Rachel Metz
Technology Review
June 6, 2013

Some efforts to replace traditional letter-and-number passwords rely on gestures, wearable devices, or biometrics. An approach in the works from research-and-development company SRI International and Stanford and Northwestern takes a different tack: passwords that you know but don’t know you know.

Patrick Lincoln, director of SRI’s computer science laboratory and a researcher on the project, calls this “rubber-hose resistant authentication” in reference to rubber-hose cryptanalysis, in which a user is coerced or physically forced to give up, say, the passcode to a secure building. Lincoln says the approach relies on implicit learning—the sort of learning that occurs through sheer repetition, such as learning to ride a bike, that the learner can’t verbally explain—to prevent passwords from being compromised.

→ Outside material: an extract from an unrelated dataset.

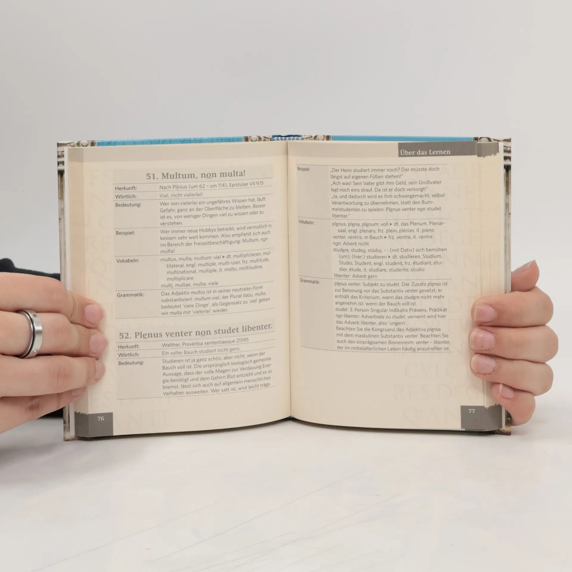 Was steckt hinter der Redensart »Si tacuisses, philosophus manisses« (Wenn du geschwiegen hättest, wärst du Philosoph geblieben)? Wann sagt man »Principiis obsta!« (Wehre den Anfängen), wann »Nihil nimis!« (Nichts im Übermaß)? In fünf Kapiteln finden sich 102 lateinische Spruchweisheiten und ihre Übersetzungen. Kompakte Erläuterungen und Anwendungsbeispiele geben präzise Auskunft über Bedeutung, Vokabular und Grammatik. Zusätzlich ermöglichen zwei Register (lateinisch und deutsch) das schnelle Auffinden eines gesuchten Spruchs.

So far, the project has used a game interface, resembling a rudimentary version of Guitar Hero, that trains the user to enter a unique pattern. Users press a key, corresponding to a column, each time a falling ball hits the bottom of one of the columns, but because the sequence of falling balls changes each time, users can’t consciously determine what is their unique sequence, and what is simply added noise. Later, the user is authenticated by playing the game, which contains parts of the learned pattern, and the user’s superior skill at this task proves his or her identity.